* _Supplied material_:

*** Block opens ***

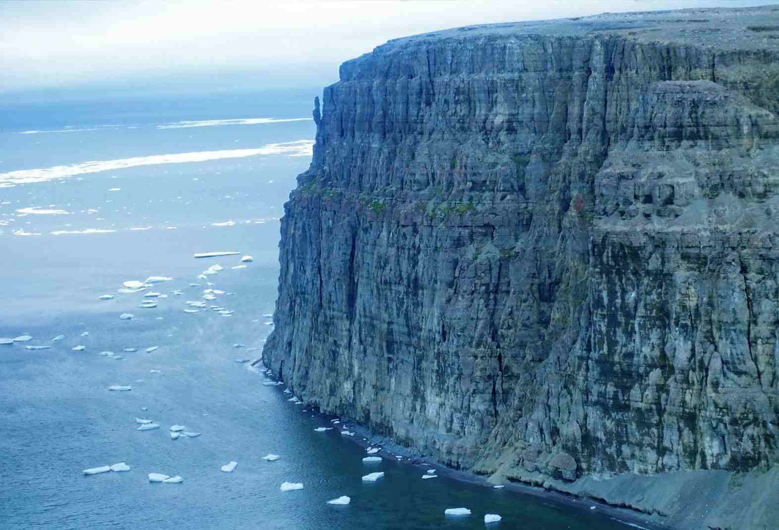 Limestone cliffs of Beechey Island
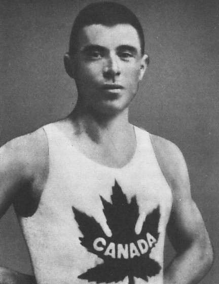 Edouard Fabre, athlet and winner of the 1915 Boston Marathon photography, adapted reproduction, no restrictions on use Copyright: free of charges
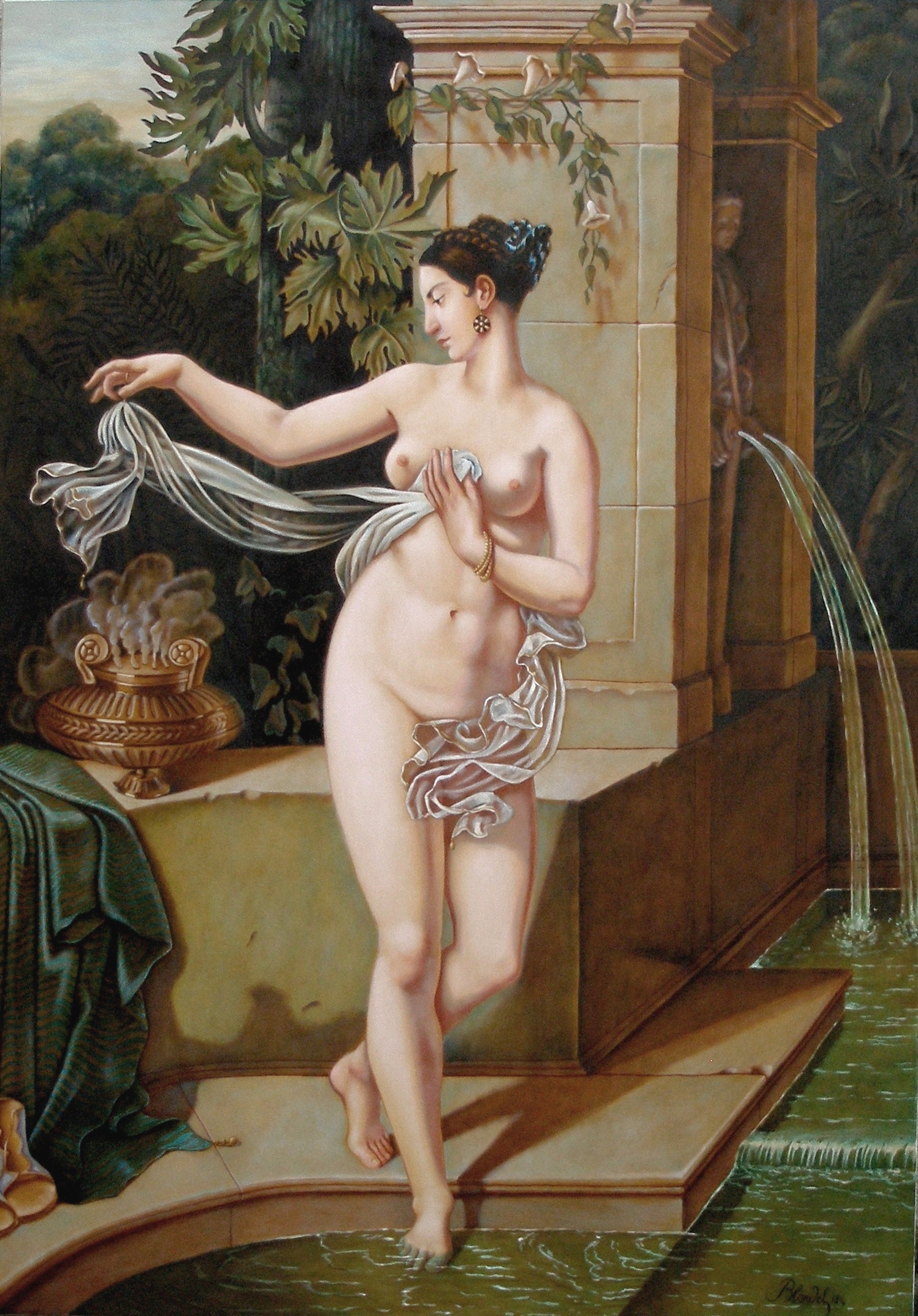 Faithful replica (date ?) by John Parker, after an original 1814 oil painting by Merry-Joseph Blondel, which was lost with the sinking of the RMS Titanic in 1912.

*** Block closes ***

* _Work item_: From the first line to the last, repeat the data above exactly and leave the pictures out.

* _Exercise response_:
 Limestone cliffs of Beechey Island
 Edouard Fabre, athlet and winner of the 1915 Boston Marathon photography, adapted reproduction, no restrictions on use Copyright: free of charges
 Faithful replica (date ?) by John Parker, after an original 1814 oil painting by Merry-Joseph Blondel, which was lost with the sinking of the RMS Titanic in 1912.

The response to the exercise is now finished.